Drake said that even the potential of a work stoppage can affect the supply chain, as dangerous products like fertilizers and fuels and chemicals like chlorine are removed from circulation in the days leading up to a strike deadline. 

A BNSF freight train travels across a railroad crossing
A BNSF freight train travels across a railroad crossing in Williams, Ariz., on July 6. Bill Clark / CQ-Roll Call, Inc via Getty Images file

Jess Dankert, a supply chain expert at the Retail Industry Leaders Association, said a strike could also heighten the country’s economic issues — raising prices for consumers just as inflation appears to be cooling off.   

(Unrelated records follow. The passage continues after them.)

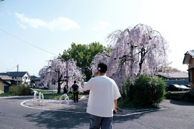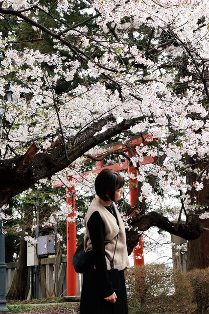 已經開始吹雪,但選幾個拍攝角度還是可以拍攝到不錯的櫻花
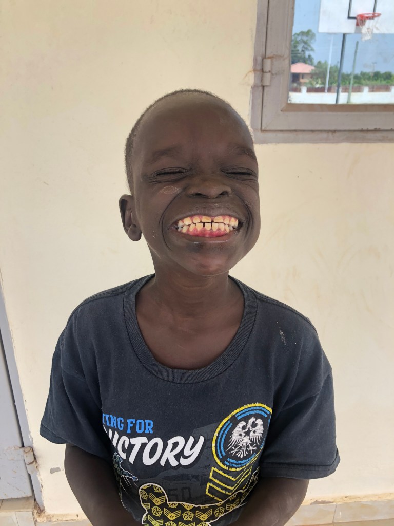 He is still there today. He continues to grow and learn each day as they care for him and challenge him to go beyond what he can currently do. They continue to help him learn to wash clothes and dishes, he dresses himself and plays soccer. He also attends school and is learning slowly how to write. He helps in the garden and loves to play with the kids and eat. When I return to Uganda end of July I am hoping to be able to see him. He is around 9 hours away from where we stay in Gulu so it isn’t so easy to just pop in for a visit. But hoping to see him soon.
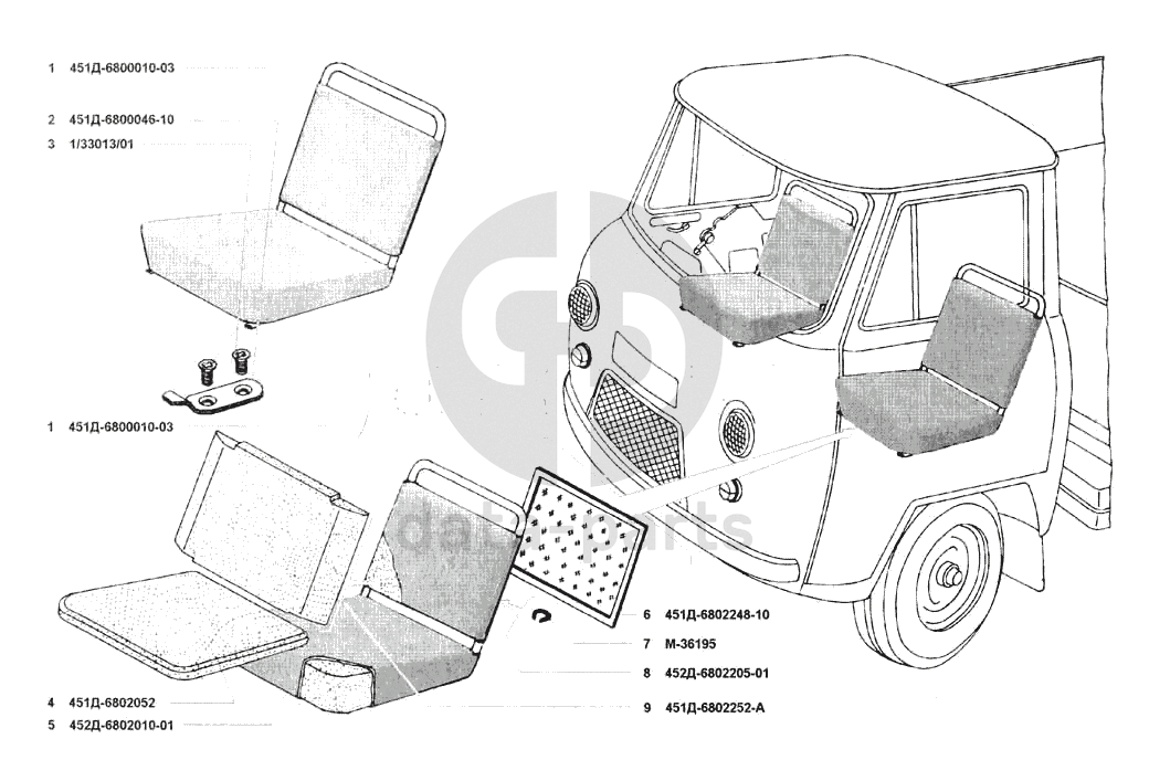 Сиденье и обивка сиденья водителя УАЗ 3741

“It would be pretty impactful for the supply chain,” she said. “The backup into ports could reignite acute port congestion that we’ve seen. The parcel market, like UPS [which relies in part on the rails], you’ll have that impacted, as well. There would be a lot of pressure on the truck market. And with that shortened capacity, prices would increase.”

Rob Benedict, a vice president at the American Fuel & Petrochemical Manufacturers trade group, which represents refineries and other fuel and petrochemical producers, warned a strike could send the prices of gasoline and other fuels soaring. He said that members transport around 2 million carloads of products a year — about 300,000 barrels of crude oil a day — on the freight rail system and that after three to five days of missed shipments, refineries run out of storage and begin to curtail production. 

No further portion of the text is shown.